WORK INSTRUCTION:
Every entry below should be printed exactly.

==============================

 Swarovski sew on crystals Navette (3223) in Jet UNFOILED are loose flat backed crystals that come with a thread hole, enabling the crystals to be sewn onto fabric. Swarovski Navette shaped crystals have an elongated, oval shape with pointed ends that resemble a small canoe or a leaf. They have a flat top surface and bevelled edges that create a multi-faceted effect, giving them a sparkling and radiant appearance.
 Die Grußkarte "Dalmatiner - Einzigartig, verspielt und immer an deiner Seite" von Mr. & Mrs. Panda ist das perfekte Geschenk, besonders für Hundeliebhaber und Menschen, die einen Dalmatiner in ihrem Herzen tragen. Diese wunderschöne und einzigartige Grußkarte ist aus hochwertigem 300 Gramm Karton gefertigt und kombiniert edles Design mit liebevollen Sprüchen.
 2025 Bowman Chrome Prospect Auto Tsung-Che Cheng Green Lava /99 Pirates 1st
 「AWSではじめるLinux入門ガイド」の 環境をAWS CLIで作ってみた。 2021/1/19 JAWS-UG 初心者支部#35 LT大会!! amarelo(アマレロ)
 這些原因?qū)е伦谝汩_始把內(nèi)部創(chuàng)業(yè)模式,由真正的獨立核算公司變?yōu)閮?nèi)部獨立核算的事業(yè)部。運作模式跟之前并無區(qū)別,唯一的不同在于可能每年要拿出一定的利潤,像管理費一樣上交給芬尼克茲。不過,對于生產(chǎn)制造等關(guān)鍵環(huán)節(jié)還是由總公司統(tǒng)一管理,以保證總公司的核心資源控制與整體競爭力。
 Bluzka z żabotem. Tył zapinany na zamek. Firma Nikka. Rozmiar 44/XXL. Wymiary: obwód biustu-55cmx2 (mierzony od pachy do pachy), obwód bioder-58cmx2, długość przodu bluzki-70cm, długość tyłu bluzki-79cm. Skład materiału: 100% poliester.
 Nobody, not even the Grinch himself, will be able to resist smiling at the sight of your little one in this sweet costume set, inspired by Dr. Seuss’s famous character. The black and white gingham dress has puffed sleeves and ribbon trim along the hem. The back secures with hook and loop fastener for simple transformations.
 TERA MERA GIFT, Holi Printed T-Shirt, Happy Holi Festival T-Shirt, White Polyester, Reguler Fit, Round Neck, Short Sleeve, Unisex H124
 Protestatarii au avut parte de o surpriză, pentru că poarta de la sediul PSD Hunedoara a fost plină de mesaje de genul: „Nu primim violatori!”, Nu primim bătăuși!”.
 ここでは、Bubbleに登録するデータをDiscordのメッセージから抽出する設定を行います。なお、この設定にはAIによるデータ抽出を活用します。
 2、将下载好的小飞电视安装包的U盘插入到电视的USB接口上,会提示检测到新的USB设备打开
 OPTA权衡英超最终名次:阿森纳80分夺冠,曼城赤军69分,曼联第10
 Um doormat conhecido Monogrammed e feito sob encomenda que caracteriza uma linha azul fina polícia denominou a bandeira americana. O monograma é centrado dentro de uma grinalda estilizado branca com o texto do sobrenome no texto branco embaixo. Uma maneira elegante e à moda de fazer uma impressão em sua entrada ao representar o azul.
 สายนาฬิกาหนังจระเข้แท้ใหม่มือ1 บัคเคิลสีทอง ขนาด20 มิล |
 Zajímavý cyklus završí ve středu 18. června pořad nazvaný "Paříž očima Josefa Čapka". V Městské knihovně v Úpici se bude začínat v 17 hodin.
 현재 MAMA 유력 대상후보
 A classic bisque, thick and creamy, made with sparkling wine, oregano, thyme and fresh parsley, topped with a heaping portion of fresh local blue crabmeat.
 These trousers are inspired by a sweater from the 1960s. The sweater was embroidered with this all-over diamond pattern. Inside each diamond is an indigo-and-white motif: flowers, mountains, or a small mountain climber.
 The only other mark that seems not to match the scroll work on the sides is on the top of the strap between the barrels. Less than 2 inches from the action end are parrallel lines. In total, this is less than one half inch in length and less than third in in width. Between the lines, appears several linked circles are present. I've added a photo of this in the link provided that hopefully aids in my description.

==============================

REPLY:
 Swarovski sew on crystals Navette (3223) in Jet UNFOILED are loose flat backed crystals that come with a thread hole, enabling the crystals to be sewn onto fabric. Swarovski Navette shaped crystals have an elongated, oval shape with pointed ends that resemble a small canoe or a leaf. They have a flat top surface and bevelled edges that create a multi-faceted effect, giving them a sparkling and radiant appearance.
 Die Grußkarte "Dalmatiner - Einzigartig, verspielt und immer an deiner Seite" von Mr. & Mrs. Panda ist das perfekte Geschenk, besonders für Hundeliebhaber und Menschen, die einen Dalmatiner in ihrem Herzen tragen. Diese wunderschöne und einzigartige Grußkarte ist aus hochwertigem 300 Gramm Karton gefertigt und kombiniert edles Design mit liebevollen Sprüchen.
 2025 Bowman Chrome Prospect Auto Tsung-Che Cheng Green Lava /99 Pirates 1st
 「AWSではじめるLinux入門ガイド」の 環境をAWS CLIで作ってみた。 2021/1/19 JAWS-UG 初心者支部#35 LT大会!! amarelo(アマレロ)
 這些原因?qū)е伦谝汩_始把內(nèi)部創(chuàng)業(yè)模式,由真正的獨立核算公司變?yōu)閮?nèi)部獨立核算的事業(yè)部。運作模式跟之前并無區(qū)別,唯一的不同在于可能每年要拿出一定的利潤,像管理費一樣上交給芬尼克茲。不過,對于生產(chǎn)制造等關(guān)鍵環(huán)節(jié)還是由總公司統(tǒng)一管理,以保證總公司的核心資源控制與整體競爭力。
 Bluzka z żabotem. Tył zapinany na zamek. Firma Nikka. Rozmiar 44/XXL. Wymiary: obwód biustu-55cmx2 (mierzony od pachy do pachy), obwód bioder-58cmx2, długość przodu bluzki-70cm, długość tyłu bluzki-79cm. Skład materiału: 100% poliester.
 Nobody, not even the Grinch himself, will be able to resist smiling at the sight of your little one in this sweet costume set, inspired by Dr. Seuss’s famous character. The black and white gingham dress has puffed sleeves and ribbon trim along the hem. The back secures with hook and loop fastener for simple transformations.
 TERA MERA GIFT, Holi Printed T-Shirt, Happy Holi Festival T-Shirt, White Polyester, Reguler Fit, Round Neck, Short Sleeve, Unisex H124
 Protestatarii au avut parte de o surpriză, pentru că poarta de la sediul PSD Hunedoara a fost plină de mesaje de genul: „Nu primim violatori!”, Nu primim bătăuși!”.
 ここでは、Bubbleに登録するデータをDiscordのメッセージから抽出する設定を行います。なお、この設定にはAIによるデータ抽出を活用します。
 2、将下载好的小飞电视安装包的U盘插入到电视的USB接口上,会提示检测到新的USB设备打开
 OPTA权衡英超最终名次:阿森纳80分夺冠,曼城赤军69分,曼联第10
 Um doormat conhecido Monogrammed e feito sob encomenda que caracteriza uma linha azul fina polícia denominou a bandeira americana. O monograma é centrado dentro de uma grinalda estilizado branca com o texto do sobrenome no texto branco embaixo. Uma maneira elegante e à moda de fazer uma impressão em sua entrada ao representar o azul.
 สายนาฬิกาหนังจระเข้แท้ใหม่มือ1 บัคเคิลสีทอง ขนาด20 มิล |
 Zajímavý cyklus završí ve středu 18. června pořad nazvaný "Paříž očima Josefa Čapka". V Městské knihovně v Úpici se bude začínat v 17 hodin.
 현재 MAMA 유력 대상후보
 A classic bisque, thick and creamy, made with sparkling wine, oregano, thyme and fresh parsley, topped with a heaping portion of fresh local blue crabmeat.
 These trousers are inspired by a sweater from the 1960s. The sweater was embroidered with this all-over diamond pattern. Inside each diamond is an indigo-and-white motif: flowers, mountains, or a small mountain climber.
 The only other mark that seems not to match the scroll work on the sides is on the top of the strap between the barrels. Less than 2 inches from the action end are parrallel lines. In total, this is less than one half inch in length and less than third in in width. Between the lines, appears several linked circles are present. I've added a photo of this in the link provided that hopefully aids in my description.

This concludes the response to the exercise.